## WHAT THIS TASK INVOLVES
Would you retype exactly the lines below, starting with the one that has "Универсальный рассухариватель клапанов" and going on through the one that has "Most systems typically", with no pictures and nothing else?

Start of RAW DATA

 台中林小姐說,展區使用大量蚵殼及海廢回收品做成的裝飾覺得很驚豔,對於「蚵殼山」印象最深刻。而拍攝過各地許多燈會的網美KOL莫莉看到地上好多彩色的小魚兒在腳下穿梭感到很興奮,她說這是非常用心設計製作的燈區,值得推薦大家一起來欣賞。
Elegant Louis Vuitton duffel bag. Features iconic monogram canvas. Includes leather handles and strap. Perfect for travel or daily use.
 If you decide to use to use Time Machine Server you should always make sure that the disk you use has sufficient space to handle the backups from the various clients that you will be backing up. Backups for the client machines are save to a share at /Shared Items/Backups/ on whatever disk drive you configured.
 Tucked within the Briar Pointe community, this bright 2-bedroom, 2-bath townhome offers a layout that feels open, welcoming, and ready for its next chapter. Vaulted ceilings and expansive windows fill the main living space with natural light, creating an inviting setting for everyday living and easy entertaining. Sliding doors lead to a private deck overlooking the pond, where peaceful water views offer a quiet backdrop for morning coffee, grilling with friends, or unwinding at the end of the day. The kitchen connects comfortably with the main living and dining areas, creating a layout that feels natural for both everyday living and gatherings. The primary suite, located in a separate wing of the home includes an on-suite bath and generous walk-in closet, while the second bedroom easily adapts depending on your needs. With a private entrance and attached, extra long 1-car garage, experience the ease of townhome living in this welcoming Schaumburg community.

End of RAW DATA
Start of RAW DATA

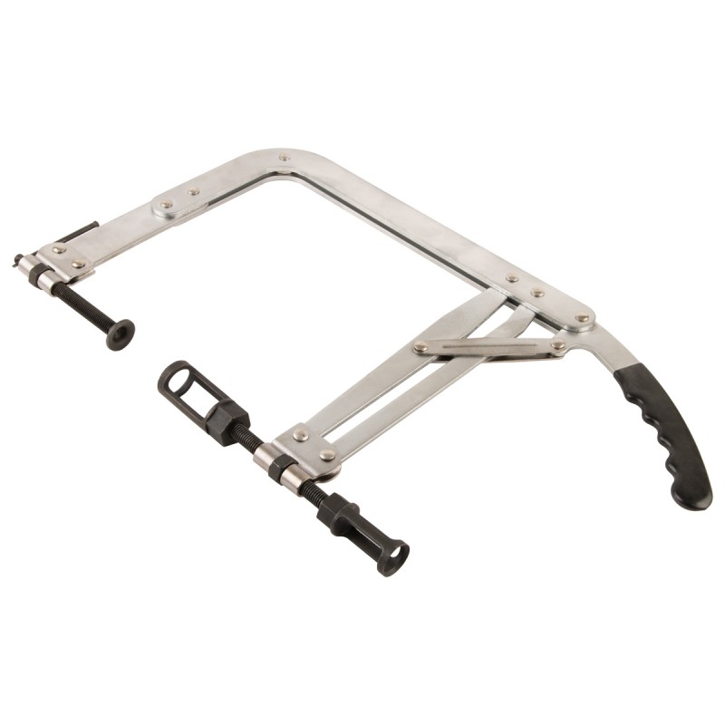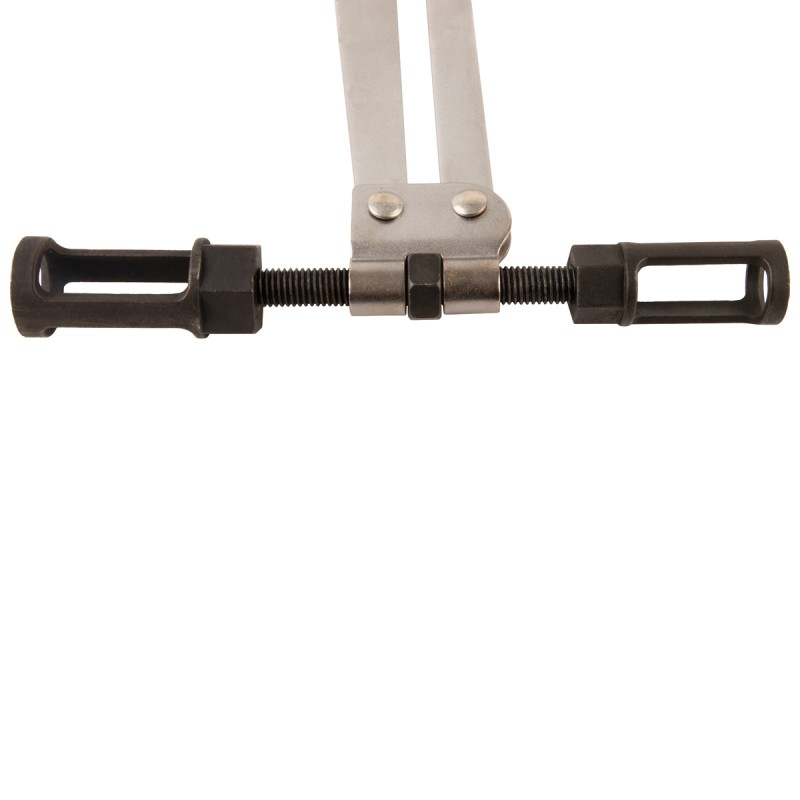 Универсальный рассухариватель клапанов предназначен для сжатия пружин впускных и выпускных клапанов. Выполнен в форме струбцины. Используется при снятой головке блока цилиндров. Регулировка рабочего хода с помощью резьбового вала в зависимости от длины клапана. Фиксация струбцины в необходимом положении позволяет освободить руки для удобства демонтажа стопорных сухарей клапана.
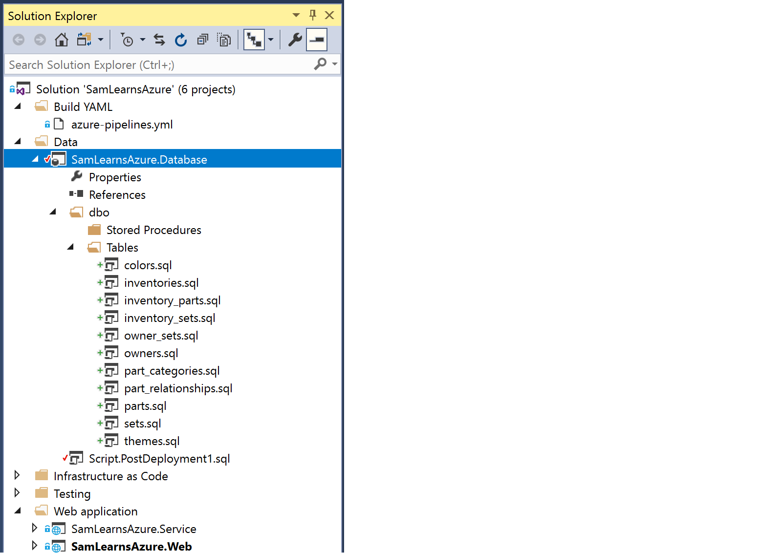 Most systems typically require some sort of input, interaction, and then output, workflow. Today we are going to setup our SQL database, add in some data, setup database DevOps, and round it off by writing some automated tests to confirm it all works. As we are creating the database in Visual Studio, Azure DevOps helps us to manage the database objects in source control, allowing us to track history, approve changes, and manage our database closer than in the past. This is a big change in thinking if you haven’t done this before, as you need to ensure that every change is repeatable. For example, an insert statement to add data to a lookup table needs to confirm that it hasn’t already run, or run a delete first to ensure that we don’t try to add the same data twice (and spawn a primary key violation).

End of RAW DATA

## SOLUTION TO THE EXERCISE
 Универсальный рассухариватель клапанов предназначен для сжатия пружин впускных и выпускных клапанов. Выполнен в форме струбцины. Используется при снятой головке блока цилиндров. Регулировка рабочего хода с помощью резьбового вала в зависимости от длины клапана. Фиксация струбцины в необходимом положении позволяет освободить руки для удобства демонтажа стопорных сухарей клапана.
 Most systems typically require some sort of input, interaction, and then output, workflow. Today we are going to setup our SQL database, add in some data, setup database DevOps, and round it off by writing some automated tests to confirm it all works. As we are creating the database in Visual Studio, Azure DevOps helps us to manage the database objects in source control, allowing us to track history, approve changes, and manage our database closer than in the past. This is a big change in thinking if you haven’t done this before, as you need to ensure that every change is repeatable. For example, an insert statement to add data to a lookup table needs to confirm that it hasn’t already run, or run a delete first to ensure that we don’t try to add the same data twice (and spawn a primary key violation).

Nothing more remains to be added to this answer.